Cell Signal Mechanism To Provide New Therapeutic Cancer Target

Cell Signal Mechanism To Provide New Therapeutic Cancer Target
EGFR signaling (Image source)
Researchers have identified an important cell signaling mechanism that plays an important role in brain cancer and may provide a new therapeutic target. The findings were published in the journal Nature Communications.
Researchers found that this mechanism — a type of signaling termed constitutive or non-canonical epidermal growth factor receptor (EGFR) signaling — is highly active in glioblastomas, the most common type of adult brain cancer and a devastating disease with a poor prognosis. When activated in cancer cells, it protects the tumor cells, making them more resistant to chemotherapy treatment. The pathway may also have implications for other types of lung and breast cancers where overexpression of EGFR is a factor.

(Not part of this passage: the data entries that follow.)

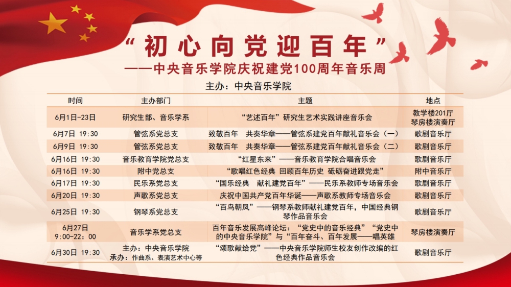 从6月开始,学校将举办KY开元集团官网入口“初心向党迎百年音乐周”,音乐周将包括主题音乐和主题研讨等内容,由各系(院)组织本单位师生开展音乐会、专题论坛、讲座和座谈会等形式多样的特色主题活动。通过举办以系(院)为单位的“红色经典音乐会”,歌颂伟大的党领导中国革命所取得的伟大胜利和祖国建设发展的巨大成就,激发师生爱党颂党信党的热情,艺术性地展现KY开元师生对中国共产党的深厚情感,引导广大师生在重温红色经典音乐中学习党史,传承红色基因,进一步坚定永远跟党走的信念。音乐周还将举办“党史中的音乐经典”“党史中的KY开元集团官网入口”论坛和讲座,展示作为新中国成立后共和国建立的第一所音乐学院——KY开元集团官网入口,传承延安“鲁艺”红色基因,在党的领导下所取得的辉煌成就。传承红色基因。百年音乐发展高峰论坛将对“百年奋斗、百年发展——唱英雄”原创歌曲创编、演绎等主题进行研讨。
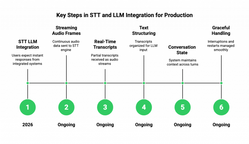 In production environments, STT and LLM integration must be fast, stable, and predictable. This becomes even more important as teams move toward STT LLM integration in 2026, where users expect instant responses.
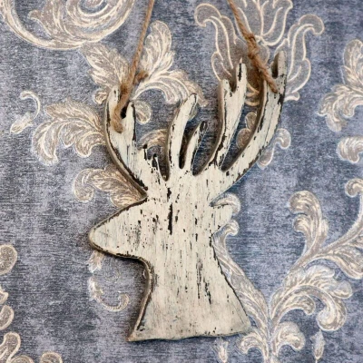 General description Add a touch of festive charm to your home or office with this beautiful cream deer hanging decoration. Measuring 26cm, this wooden decoration is perfect for creating a warm and inviting atmosphere during the holiday season. Technical specifications Dimensions: 26 cm Material: Wood
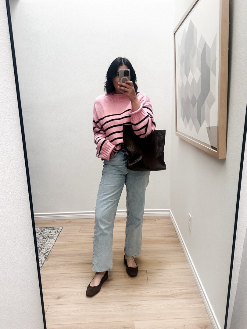 J.CREW SWEATER | ZARA JEANS | J.CREW FLATS | QUINCE Leather BAG
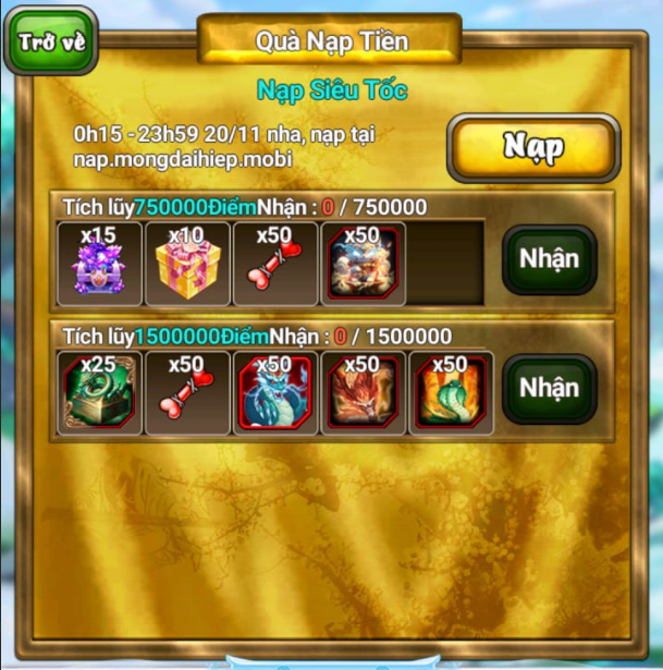 ❀ Người đầu tiên nạp đạt mốc và nhấn nhận thưởng mốc 750.000 và bấm nhận thưởng, người đầu tiên nạp đạt mốc 1.500.000 và bấm nhận thưởng sẽ nhận phần quà tương ứng
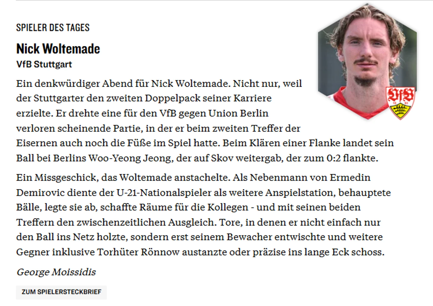 «Штутгарт» продолжает держать марку, но и не без досадных проигрышей проводил декабрь. Сначала заработал балл с «Вердером» (2:2). По итогу команда взяла очки уже пятый раз подряд в этом сезоне, что чаще, чем в прошлом году. В 13-м и 14-м турах «Штутгарт» одерживал победы над «Унионом» (3:2) и «Хайденхаймом» (1:3). Причем в матче со столичной командой клуб умудрился три гола забить в течение 18-ти минут, и дважды голы праздновал Вольтемаде. Кстати, Ник отметился и в следующем матче голом.
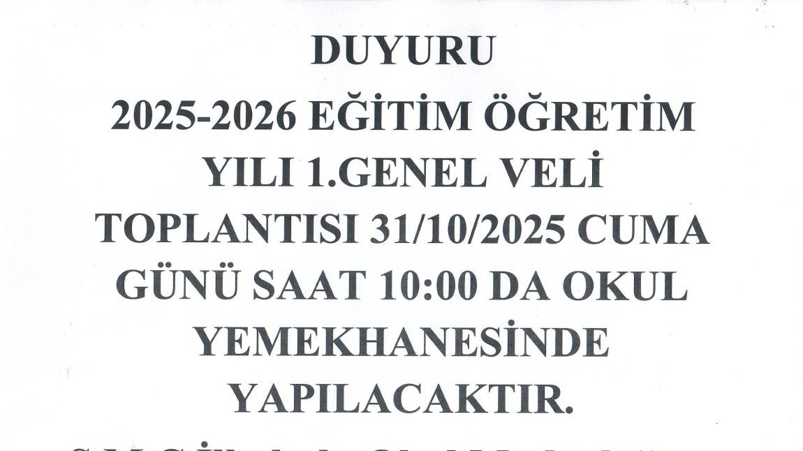 2025-2026 Eğitim Öğretim Yılı 1. Genel Veli Toplantısı 31/10/2025 Cuma Günü Saat 10.00'da Okul Yemekhanesinde Yapılacaktır.
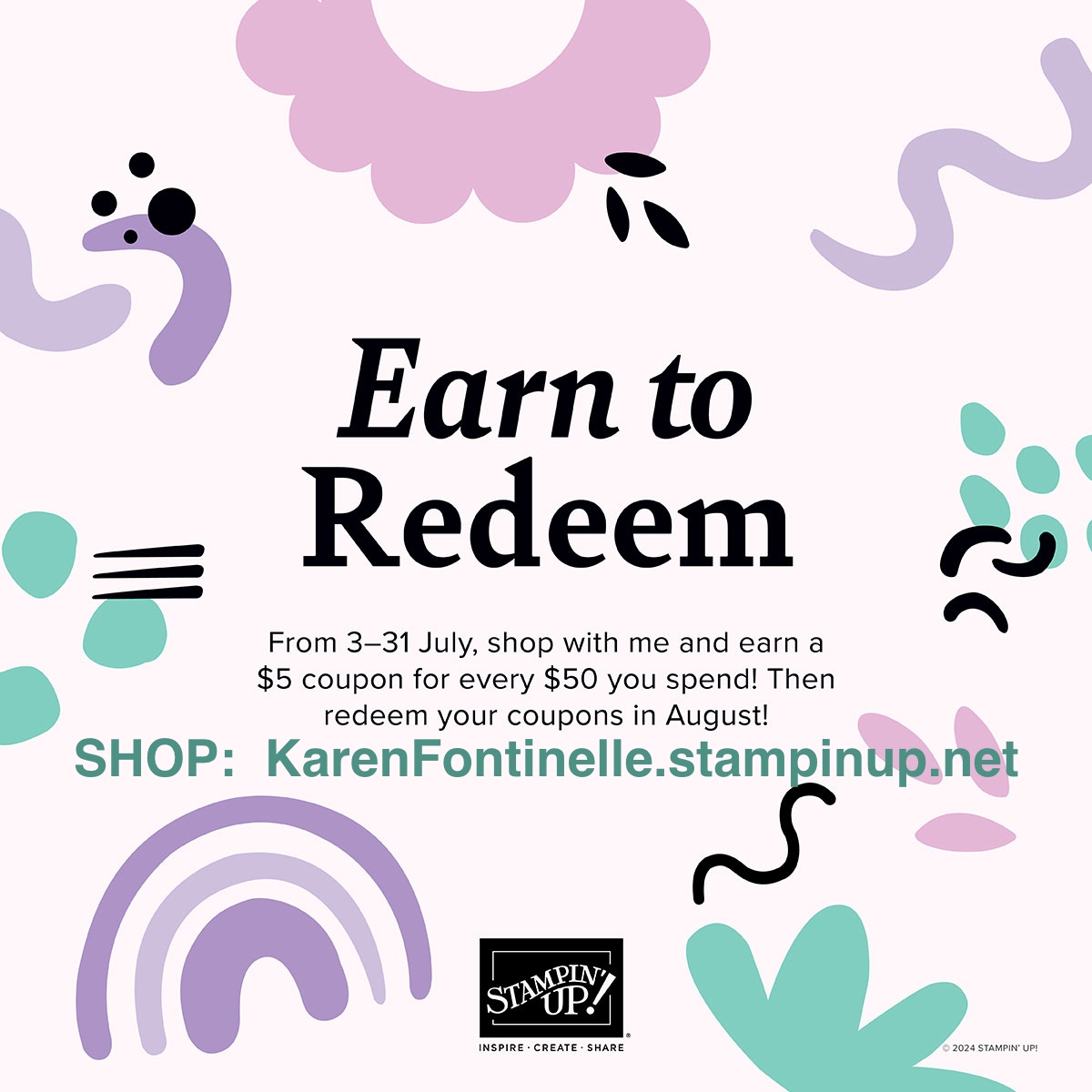 All coupon codes will be emailed directly from Stampin’ Up! right after a qualifying purchase has been made. Make sure your email in your account is current.

Glioblastomas (GBM) arise from astrocytes, which are star-shaped cells that make up the “glue-like” or supportive tissue of the brain, according to the American Brain Tumor Association. They represent about 17 percent of brain tumors, and are more common in males and those over 50.
Fueled by a good blood supply, they grow rapidly, increasing pressure on the brain and causing symptoms such as headaches, vomiting and nausea, speech and memory difficulties, muscle weakness on one side, and vision problems, depending on where the tumor grows in the brain. Due to that fast growth, average survival is just 15 months after diagnosis.
In their study, the researchers shed new light on why this difficult-to-treat cancer can be resistant to treatment. The epidermal growth factor receptor is frequently amplified and mutated in human cancer, including lung and breast cancer, and plays an important role in the growth of cancer cells and in resistance to chemotherapy.
EGFR becomes activated when the epidermal growth factor (EGF) - its ligand or partner molecule - binds to it and triggers biochemical signals within cells that lead to tumor growth or resistance to treatment. In human cancers, the EGFR may be expressed with or without its ligand or partner.
The researchers found that brain cancer cells expressing EGFR are more resistant to chemotherapy in the absence of ligand. Specifically, the presence of EGF acts as a switch to turn off non-canonical signaling and turn on ligand-activated signaling. Non-canonical EGFR signaling results in activation of a transcription factor called IRF3. IRF3 activity activates immune signals and normally protects cells from virus infection but when activated in cancer cells may protect tumor cells from chemotherapy. Therefore, the IRF3 signaling network may be a new target for treatment in cancer.